Exercise input:
※ ※ ※

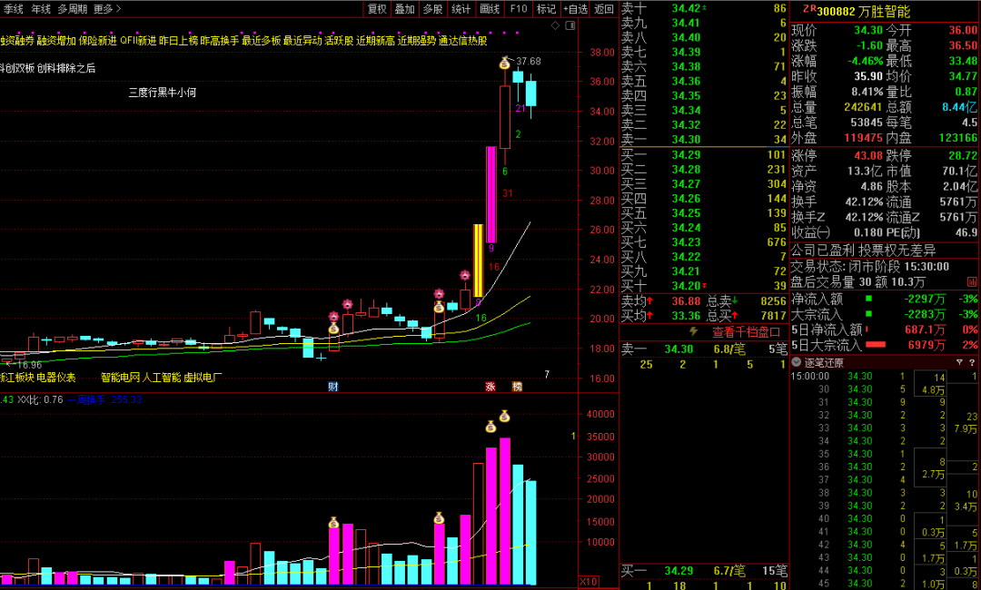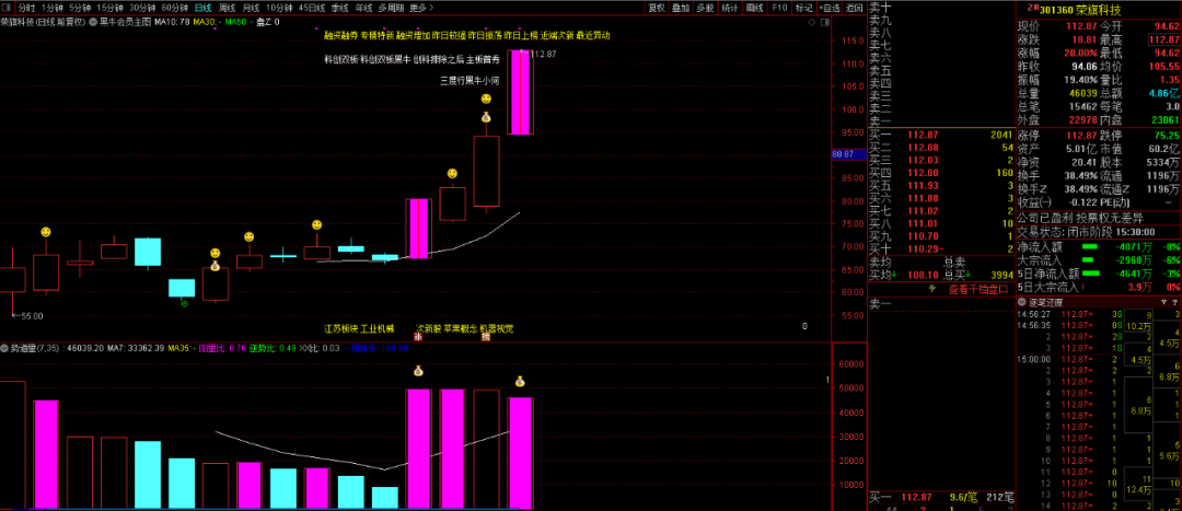 周一:5月15日,盘面上,特高压及充电桩表现蛮好。国防军工也有表现:祥明智能(301226),英可瑞(300713),万胜智能(300882),中船汉光(300847)表现不错。而主板仅有杭州热电(605011)在响应消息面。上述表现不错的个股均在好位置之上,提前有资金异动并促成好位置、好形态。新上市的三博脑科(301293)强势行情的产生,同样源于前几天的资金投放。
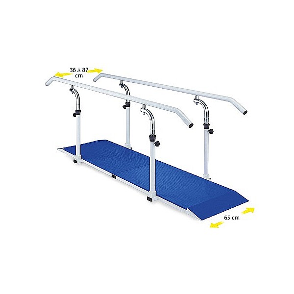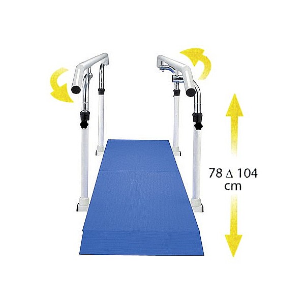 Solid, stationary steel frame construction with a plywood floor, which is equipped with a non-slip covering. Powder-coated, 360 ° rotating handle bars. Height adjustment: 78 - 104 cm, width adjustment: 36 - cm 87th Delivery disassembled in boxes.
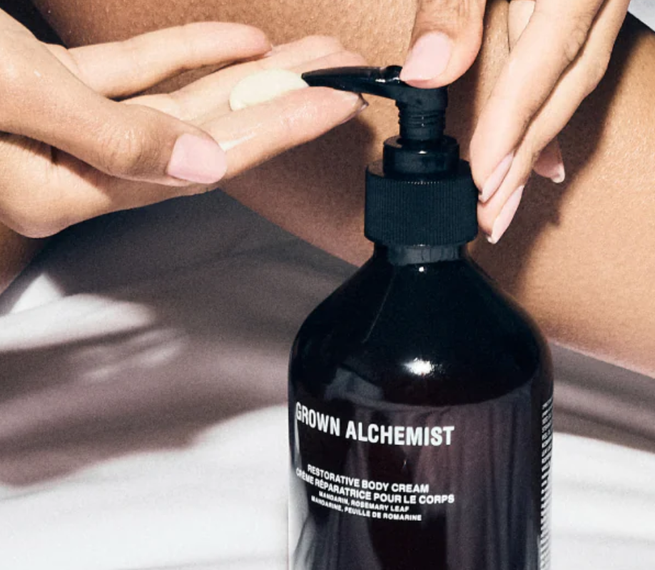 Follow with the Restorative Body Cream, a rich yet fast-absorbing moisturizer powered by Aloe, Shea Butter, and Camellia Oil to strengthen and protect the barrier.
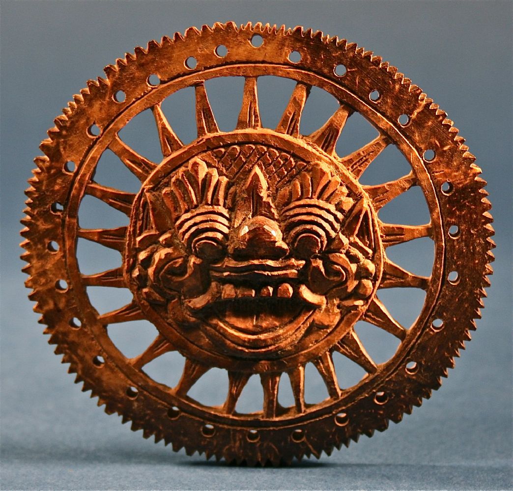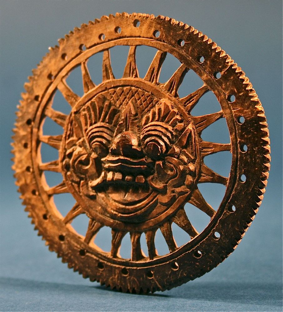 Title: Old Collectible Folk Art Carved Coconut Shell Head Face Sun Design
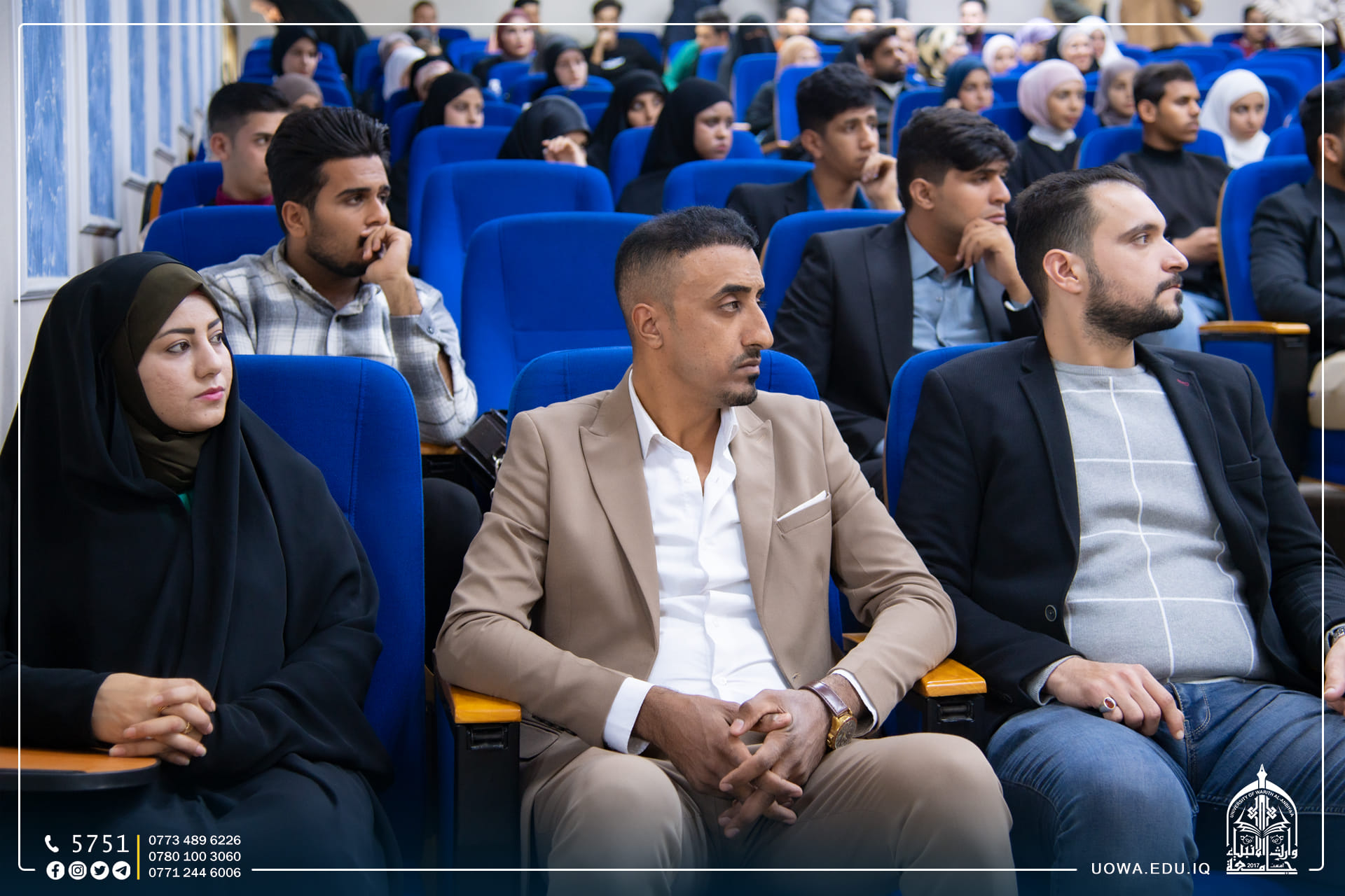 With the aim of enhancing the academic level of the students at the University of Warith Al-Anbiyaa (AS), the Accounting Department at the College of Management and Economics, in collaboration with the Union of Accountants and Auditors/Karbala Branch, organized a scientific seminar titled "The Accountants' Union and Its Importance." The seminar provided an introductory overview of the union, emphasizing its significance. Additionally, it addressed the needs of the job market for accountants and auditors equipped with sufficient knowledge in their field.
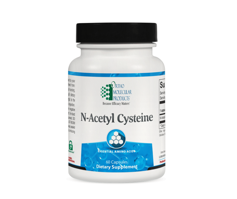 N-acetyl cysteine (NAC) is an amino acid that boosts antioxidant function and is a source of the conditionally essential amino acid L-cysteine. It has also been found to raise glutathione levels. Glutathione is an important antioxidant used in many different metabolic processes within the body. Maintaining adequate levels is important to maintaining the health of the respiratory, hepatic, and immune systems. It is also important in supporting antioxidant protection of lipids and proteins and supporting the normal response to inflammation. NAC is commonly used as an agent to help clear sinus and airway congestion caused by mucus overproduction. It also supports antioxidant and cellular detoxification pathways in the body.
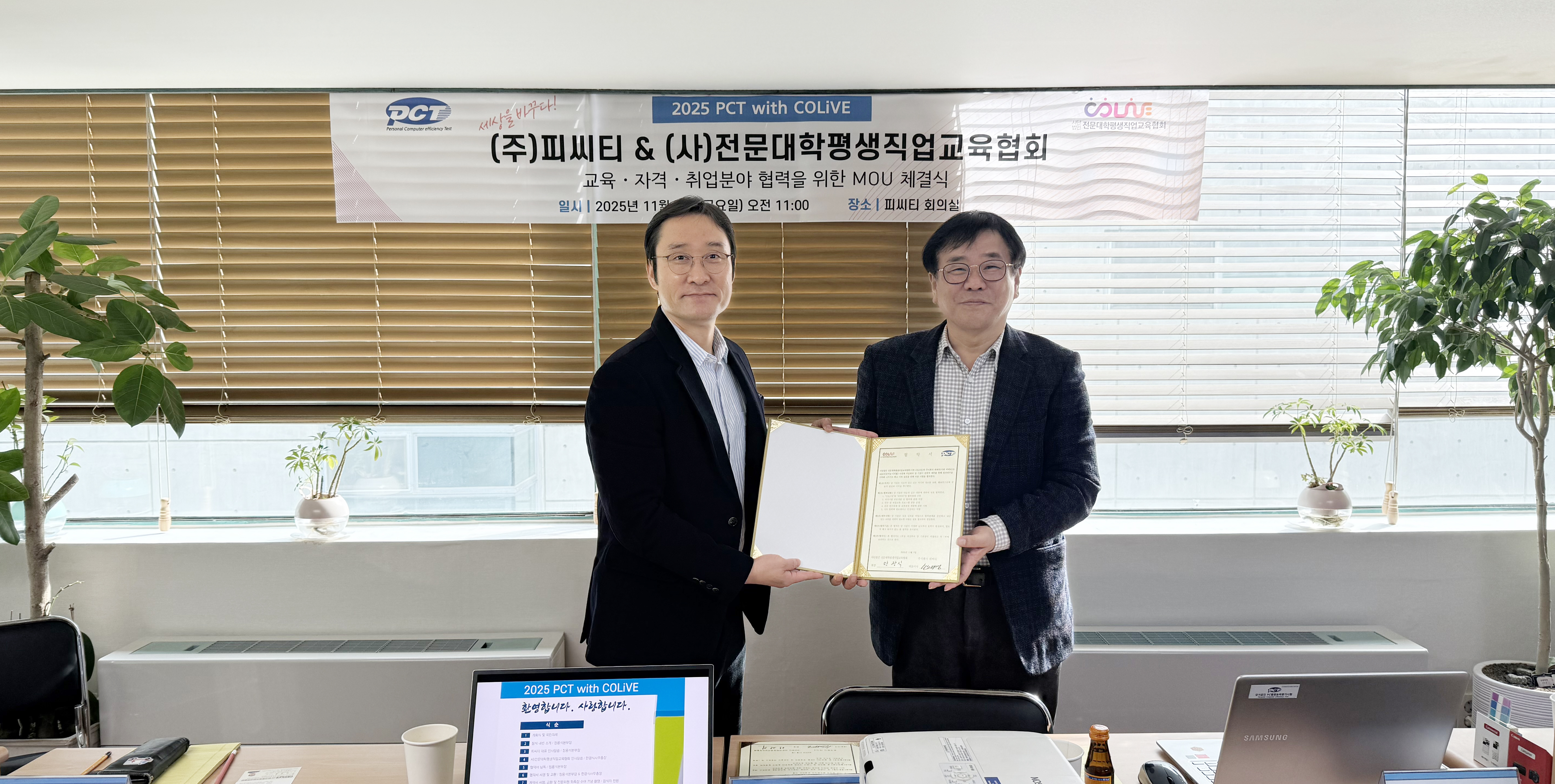 사)전문대학평생직업교육협회(COLiVE)와 (주)피씨티는 교육, 자격, 취업분야의 전략적 협력을 위해 MOU를 체결하고 초, 중고, 대학, 기업, 관공서 등에 공동으로 국가공인 PC활용능력평가시험(PCT)자격과 COLiVE에서 개발 운영하는는 다양한 교육과정 개설 및 평가인증사업에 대해 다각도로 협력하여 고객에게 양질의 교육 및 서비스를 제공할 예정입니다.

※ ※ ※

Work request:
Every line of the listing above is to be retyped exactly, but the pictures are to be dropped.

Answer for the task:
 周一:5月15日,盘面上,特高压及充电桩表现蛮好。国防军工也有表现:祥明智能(301226),英可瑞(300713),万胜智能(300882),中船汉光(300847)表现不错。而主板仅有杭州热电(605011)在响应消息面。上述表现不错的个股均在好位置之上,提前有资金异动并促成好位置、好形态。新上市的三博脑科(301293)强势行情的产生,同样源于前几天的资金投放。
 Solid, stationary steel frame construction with a plywood floor, which is equipped with a non-slip covering. Powder-coated, 360 ° rotating handle bars. Height adjustment: 78 - 104 cm, width adjustment: 36 - cm 87th Delivery disassembled in boxes.
 Follow with the Restorative Body Cream, a rich yet fast-absorbing moisturizer powered by Aloe, Shea Butter, and Camellia Oil to strengthen and protect the barrier.
 Title: Old Collectible Folk Art Carved Coconut Shell Head Face Sun Design
 With the aim of enhancing the academic level of the students at the University of Warith Al-Anbiyaa (AS), the Accounting Department at the College of Management and Economics, in collaboration with the Union of Accountants and Auditors/Karbala Branch, organized a scientific seminar titled "The Accountants' Union and Its Importance." The seminar provided an introductory overview of the union, emphasizing its significance. Additionally, it addressed the needs of the job market for accountants and auditors equipped with sufficient knowledge in their field.
 N-acetyl cysteine (NAC) is an amino acid that boosts antioxidant function and is a source of the conditionally essential amino acid L-cysteine. It has also been found to raise glutathione levels. Glutathione is an important antioxidant used in many different metabolic processes within the body. Maintaining adequate levels is important to maintaining the health of the respiratory, hepatic, and immune systems. It is also important in supporting antioxidant protection of lipids and proteins and supporting the normal response to inflammation. NAC is commonly used as an agent to help clear sinus and airway congestion caused by mucus overproduction. It also supports antioxidant and cellular detoxification pathways in the body.
 사)전문대학평생직업교육협회(COLiVE)와 (주)피씨티는 교육, 자격, 취업분야의 전략적 협력을 위해 MOU를 체결하고 초, 중고, 대학, 기업, 관공서 등에 공동으로 국가공인 PC활용능력평가시험(PCT)자격과 COLiVE에서 개발 운영하는는 다양한 교육과정 개설 및 평가인증사업에 대해 다각도로 협력하여 고객에게 양질의 교육 및 서비스를 제공할 예정입니다.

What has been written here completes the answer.